Они не знают, что внутренняя природа никогда не была смыслом объектов, что это врата тончайшего, чудесного, великого освобождения, осознающего все, не окрашивая и не препятствуя.

Этот свет никогда не прекращался: с прошлых эпох до нынешних, он был ровным, никогда не изменяясь. Тончайшее озарение духовного света не зависит от развития и утонченности.

Из своего непонимания люди улавливают лишь формы вещей — это совсем как при растирании глаз искусственно вызывается появление оптических иллюзий.

***

Нет второй личности... Этим небольшим утверждением Да Хуэй говорит, что все сущее — одно. А поскольку нет второй личности, мы не можем даже сказать, что это есть одно.

Это нужно понять... потому что в тот момент, когда мы говорим «один», — возникает «два». Потом следуют все числа.

В Индии мы разработали окольный путь говорить «один», — не прямой. Мистики этой страны никогда не говорили, что мир, сущее — одно; они всегда говорили: «Это не два, это недуально».

Может показаться, что нет разницы — однако тут есть некая логическая проблема. Если вы говорите «один», — это подразумевает целую серию номеров, все числа. Если вы говорите «не два», — вы не говорите «один», — однако вы обозначаете «один», не называя его, обозначаете единство.

Вот почему Да Хуэй тоже говорит таким же образом: «Нет второй личности». Он мог бы сказать просто: «Есть только одна личность», — но он хорошо обученный логик, интеллектуал первой степени; потому он тоже очень ясен, чтобы не совершить никакой ошибки, когда он высказывает что-нибудь об истине. А сейчас он как раз в состоянии сказать что-то об истине.

Один из великих логиков нашего времени, Людвиг Виттгенштейн, написал книгу по чистой логике. Это был странный человек, соприкасавшийся с мистической стороной, но никогда ничего не говоривший о ней. Лишь время от времени, описывая логику, он давал определенные указания, выявляющие, что он осознавал наличие в сущем намного большего, чем просто логика. В этой книге — «Трактат» — он говорит: «Не следует говорить ничего о том, что невыразимо».

Я написал ему письмо. Я был студентом и написал ему в письме: «Если вы правдивы, то не должны были говорить даже этого. Вы говорите: "Не следует говорить ничего про невыразимое", — но вы уже высказываете о нем что-то. Вы говорите: "Это невыразимо". Вы уже даете некое указание».

Мой профессор логики сказал: «Вы замучили меня, теперь взялись мучить людей вдали.

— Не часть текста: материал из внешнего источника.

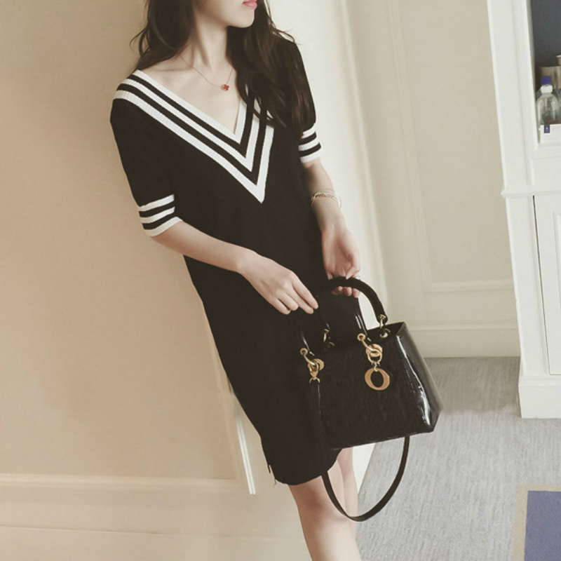春秋裝新款韓版中長款拼接條紋V領長袖打底衫針織衫連衣裙女
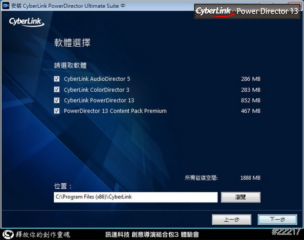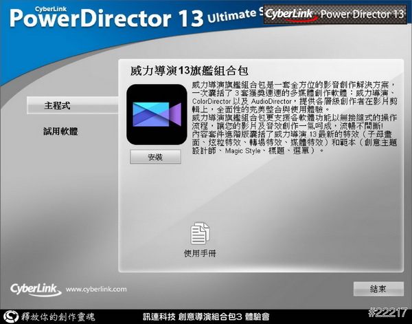 ▲Power Director13的安裝主畫面,這是主程式-威力導演13旗艦組合包的部份。
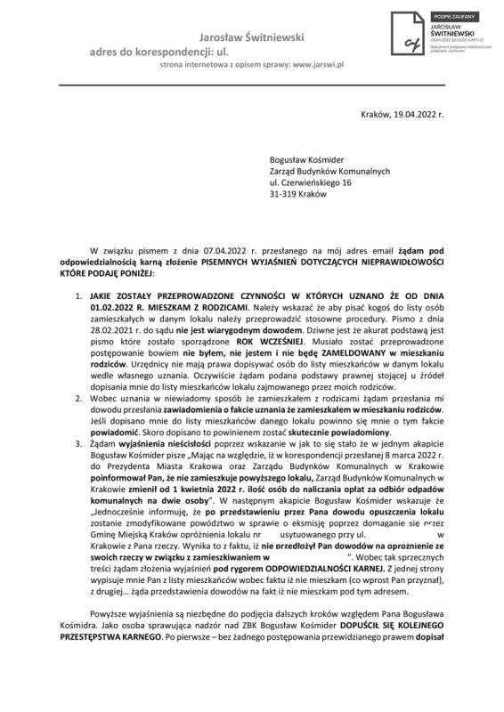 W dniu 07.04.2022 r. Wiceprezydent Miasta Krakowa Bogusław Kośmider wystosował do mnie pismo. Jego treśc wskazuje ewidentnie że Bogusław Kośmider zaczyna się pl,ątać w swoich wskazaniach. Na początek podał że w ziazku z moim pismem do sądu z dnia 28.02.2021 r. (TAK! PISMO WYSŁANE PONAD ROK TEMU) od dnia 01.02.2022 r. zostałem wpisany na listę osób zamieszkujących z moimi rodzicami. W następnym akapicie Bogusłąw Kośmider wskazuje że z uwagi na podanie iż nie mieszkam pod tym adresem od dnia 01.04.2022 r. zmieniono liczbę osób co do których nalicza się dodatkowe opłąty (w domyśle - zostałem wykreślony z listy osób mieszkających z moimi rodzicami). Nie przeszkodziło to aby w następnym akapicie Bogusław Kośmider wskazał że aby moja osoba została wykreślona z pozwu muszę... PRZEDSTAWIĆ DOWÓD ŻE NIE MIESZKAM Z RODZICAMI. Takiej kompromitacji Bopgiusława Kośmidra jeszcze nie widziałem. Sam stwierdził że nie mieszkam z rodzicami ale żeby wycofać mnie z pozwu o eksmisję muszę przedsatwić dowód że nie mieszkam z rodzicami. To jest tak głupie że aż śmieszne. Ponieważ wydaje się to nierealne żeby wiceprezydent naprawdę tak napisał - zamieszczam poniżej skan tego pisma.
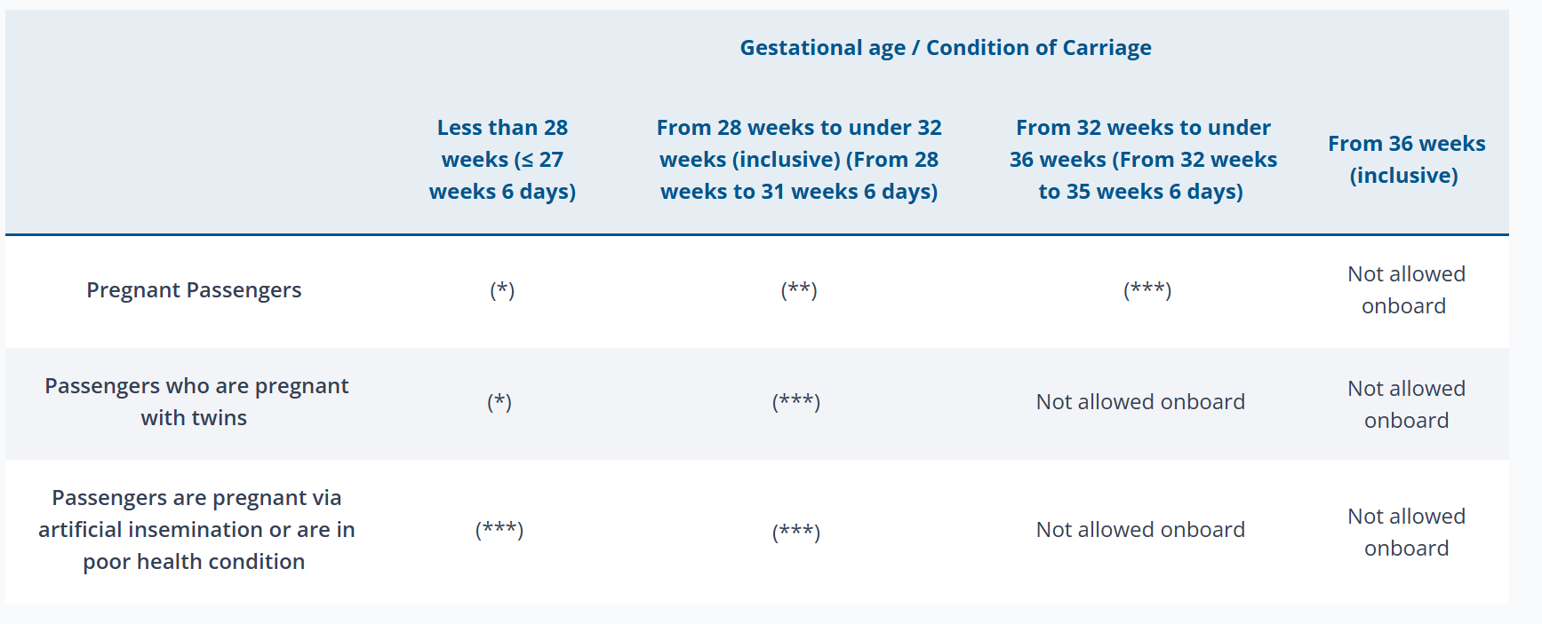To ensure maximum comfort and safety, pregnant passengers need to inform Bamboo Airways of their gestational age during booking, and during check-in to receive necessary consulting and assistance. Pregnant passengers with pre-consiting conditions are also advised to seek medical consultation from doctors before travelling by air. Please find our detailed guidelines regarding pregnant passengers in the below table

Он живет в Германии... не ваше это дело — изводить людей».

Я сказал: «Я не извожу его, я просто говорю, что если он действительно подразумевает это, то ему следует устранить это предложение».

Он был одним из лучших умов. Даже его собственный учитель, Бертран Рассел, признавал его лучшим логиком, чем он сам. Но он так и не ответил мне, потому что ответить мне означало бы, что ему пришлось убрать то предложение из книги. У этого нет логической защиты. Что бы вы ни сказали, вы говорите что-то. Даже если вы говорите: «Ничего не может быть сказано об этом», — вы все же говорите кое-что об этом. Так что у логики есть свои тонкости.

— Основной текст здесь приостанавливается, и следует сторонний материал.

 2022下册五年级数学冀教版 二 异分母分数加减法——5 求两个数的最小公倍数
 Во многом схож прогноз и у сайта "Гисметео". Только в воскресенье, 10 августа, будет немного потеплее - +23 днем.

Да Хуэй — это прекрасно обученный профессиональный логик, однако любой логик — если он подойдет к самому экстремуму собственного логического мышления — обязательно подходит к точке, у которой логика должна остаться позади, потому что логика заканчивается, а сущее продолжается. Но тогда вам придется заговорить другим языком.

Вместо того чтобы попросту сказать: «Есть только одно сущее, потому только одна личность», — в случае чего он знает, что совершит логическую ошибку, — он использует тот же прием, которым пользовались веками в этой стране. Он говорит: «Нет двух сущих, нет двух личностей». Он показывает одно, но не высказывая ничего об этом, просто отрицает дуальность, но, не утверждая единство, — потому что в тот момент, когда вы утверждаете единство, вы утвердили все множество чисел.

Это не что-то философское; теперь его утверждения становятся все более и более экзистенциальными.

Все мы — часть океанического целого. Наша разделенность — иллюзия.

Кроме нашей разделенности не бывает другой иллюзии, и благодаря разделенности есть проблемы всех сортов: враги, друзья, гнев, ненависть, любовь — все проблемы амбиций, борьбы, завоевания, доминирования, становления кем-то особенным.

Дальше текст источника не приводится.